- _PROBLEM DETAILS_
Would you please repeat all of the data exactly, omitting the pictures?
[EXCERPTED RECORDS Boundary: Start]
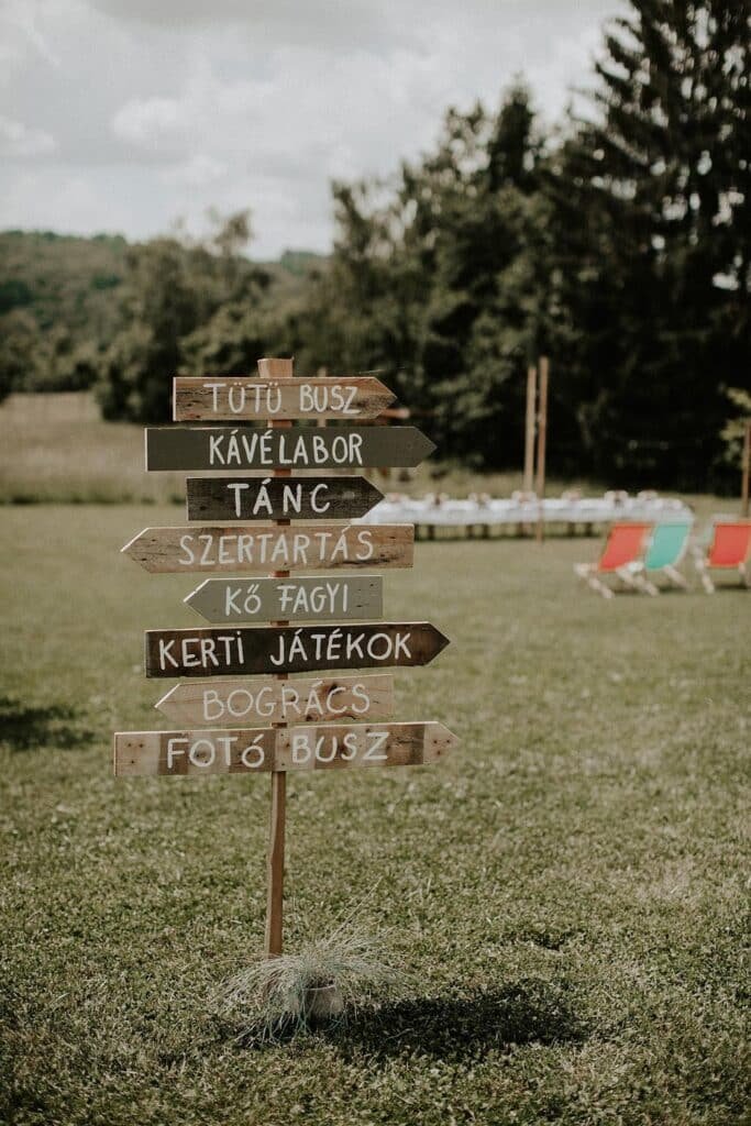 Volt egy kis fotóállomás, amit az egyik fára csináltunk, az volt a feladat, hogy mindenkinek ott volt a neve, és a vendégeknek a nevüket ki kellett cserélni egy kis polaroid képre. 🙂
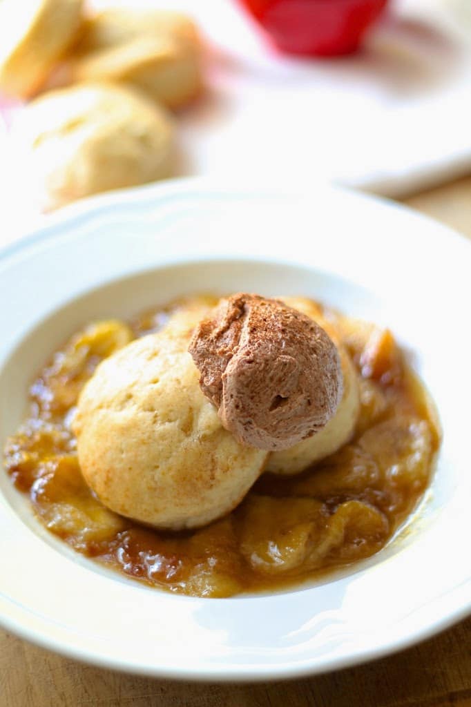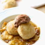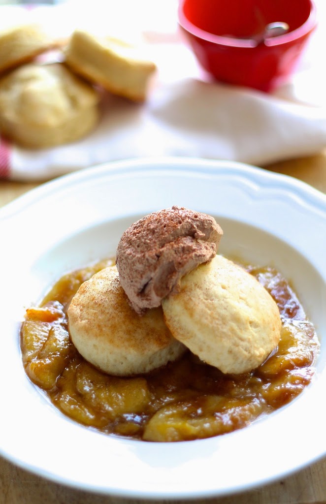 That’s how this piece of yumminess was born. I use the same biscuit recipe that I use when I make strawberry shortcakes because they’re the best I have found- no sponge cake for this girl. It’s actually a cream scone recipe from Joy of Baking and they turn out flawless every time. Dense and buttery yet somehow still light, and the perfect amount of sweetness (i.e. not too much). Definitely make extra to have with butter, jam and a cup of tea the next morning.
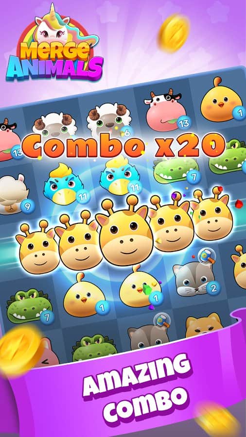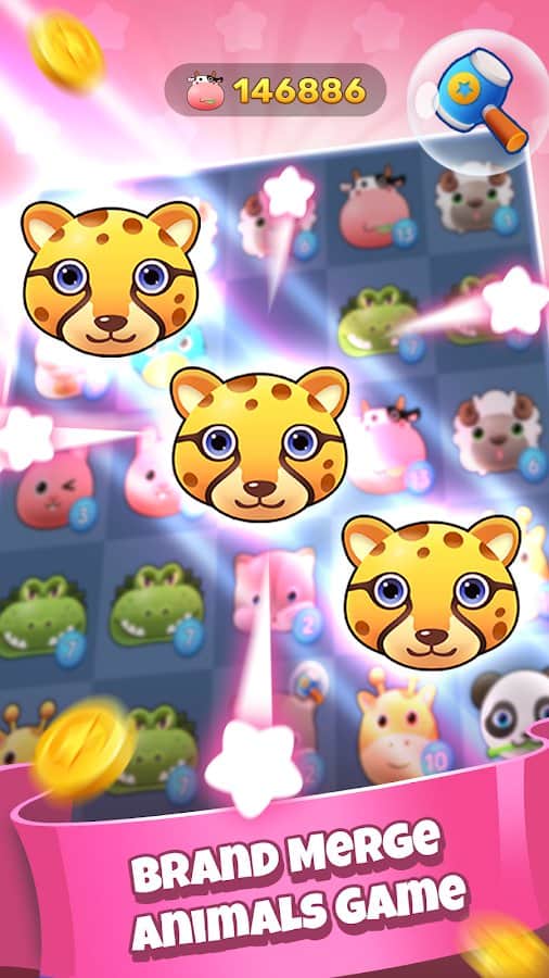 Merge Animals - Насладитесь прекрасной игрой и получите огромную коллекцию различных животных, которые будут получены в случае соединения между одинаковыми видами. Используйте многогранные комбо для получения еще большего опыта, а также поэкспериментируйте над процессом вместе со специальными возможностями, открывающими множество новых комбинаций. Соберите всех поросят, овец, леопардов, кроликов, жирафов, коров, крокодилов, енотов и других зверюшек, чтобы собрать реальный зоопарк и руководить им, защищая подопечных.
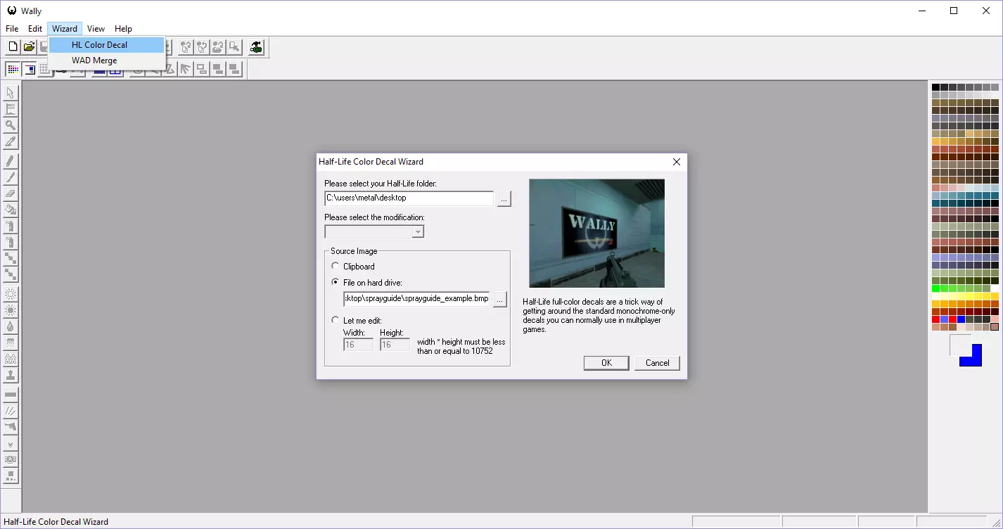 由于我熟悉相关程序,所以选择使用Wally进行工作,但任何其他能够编辑.wad文件的程序也可以使用,不过导入过程可能会更麻烦。虽然telefragged不再托管Wally,但你仍然可以在ModDB和其他一些网站上获取它,下载文件时务必扫描恶意软件,并从信誉良好的网站下载。Wally和许多其他.wad编辑程序可以导入图像,有时甚至专门用于半条命的贴花。
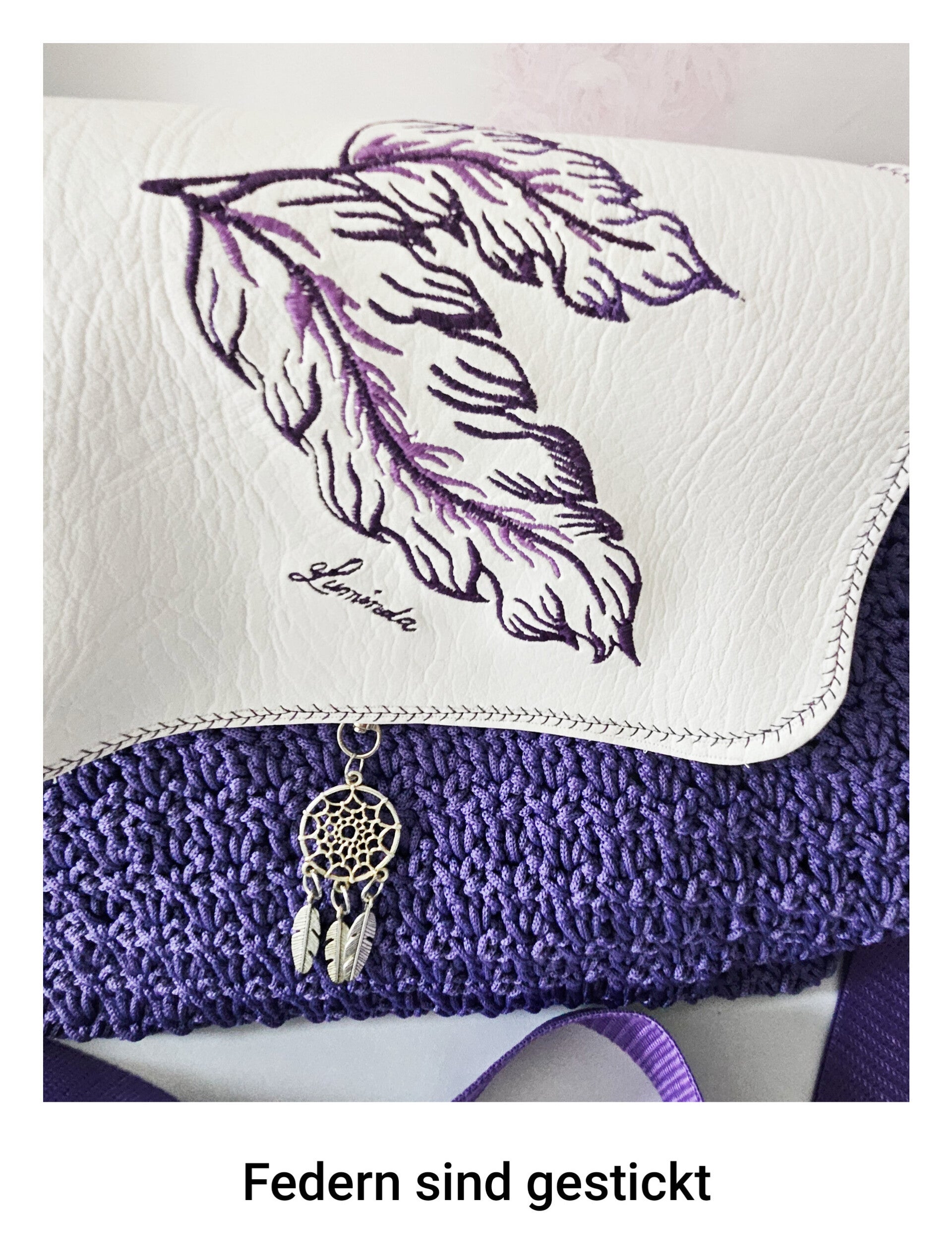 Die Luminda Tasche Liliane besticht durch ihre wunderschöne lilane Häkeloptik, die sofort ins Auge fällt. Die weiße Taschenklappe wird durch zwei fein gestickte Federn verziert – ein elegantes Detail, das diese Tasche zu einem echten Hingucker macht.
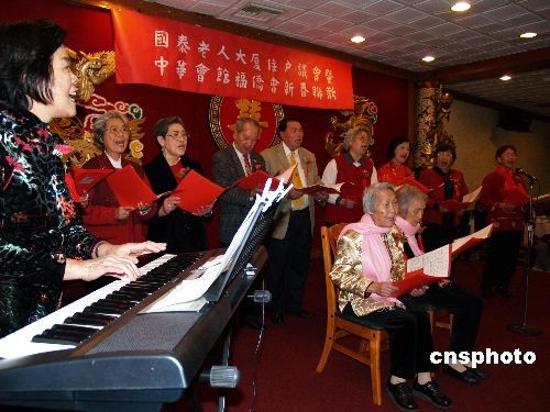 2月14日,適逢情人節(jié),美國洛杉機(jī)中國城國泰老人大廈300多位華人耆老歡聚聯(lián)歡,這些年均年齡80歲的老人們現(xiàn)場唱起了“青春之歌”。中新社發(fā) 盧威 攝
[EXCERPTED RECORDS Boundary: End]
- _EXERCISE RESPONSE_
 Volt egy kis fotóállomás, amit az egyik fára csináltunk, az volt a feladat, hogy mindenkinek ott volt a neve, és a vendégeknek a nevüket ki kellett cserélni egy kis polaroid képre. 🙂
 That’s how this piece of yumminess was born. I use the same biscuit recipe that I use when I make strawberry shortcakes because they’re the best I have found- no sponge cake for this girl. It’s actually a cream scone recipe from Joy of Baking and they turn out flawless every time. Dense and buttery yet somehow still light, and the perfect amount of sweetness (i.e. not too much). Definitely make extra to have with butter, jam and a cup of tea the next morning.
 Merge Animals - Насладитесь прекрасной игрой и получите огромную коллекцию различных животных, которые будут получены в случае соединения между одинаковыми видами. Используйте многогранные комбо для получения еще большего опыта, а также поэкспериментируйте над процессом вместе со специальными возможностями, открывающими множество новых комбинаций. Соберите всех поросят, овец, леопардов, кроликов, жирафов, коров, крокодилов, енотов и других зверюшек, чтобы собрать реальный зоопарк и руководить им, защищая подопечных.
 由于我熟悉相关程序,所以选择使用Wally进行工作,但任何其他能够编辑.wad文件的程序也可以使用,不过导入过程可能会更麻烦。虽然telefragged不再托管Wally,但你仍然可以在ModDB和其他一些网站上获取它,下载文件时务必扫描恶意软件,并从信誉良好的网站下载。Wally和许多其他.wad编辑程序可以导入图像,有时甚至专门用于半条命的贴花。
 Die Luminda Tasche Liliane besticht durch ihre wunderschöne lilane Häkeloptik, die sofort ins Auge fällt. Die weiße Taschenklappe wird durch zwei fein gestickte Federn verziert – ein elegantes Detail, das diese Tasche zu einem echten Hingucker macht.
 2月14日,適逢情人節(jié),美國洛杉機(jī)中國城國泰老人大廈300多位華人耆老歡聚聯(lián)歡,這些年均年齡80歲的老人們現(xiàn)場唱起了“青春之歌”。中新社發(fā) 盧威 攝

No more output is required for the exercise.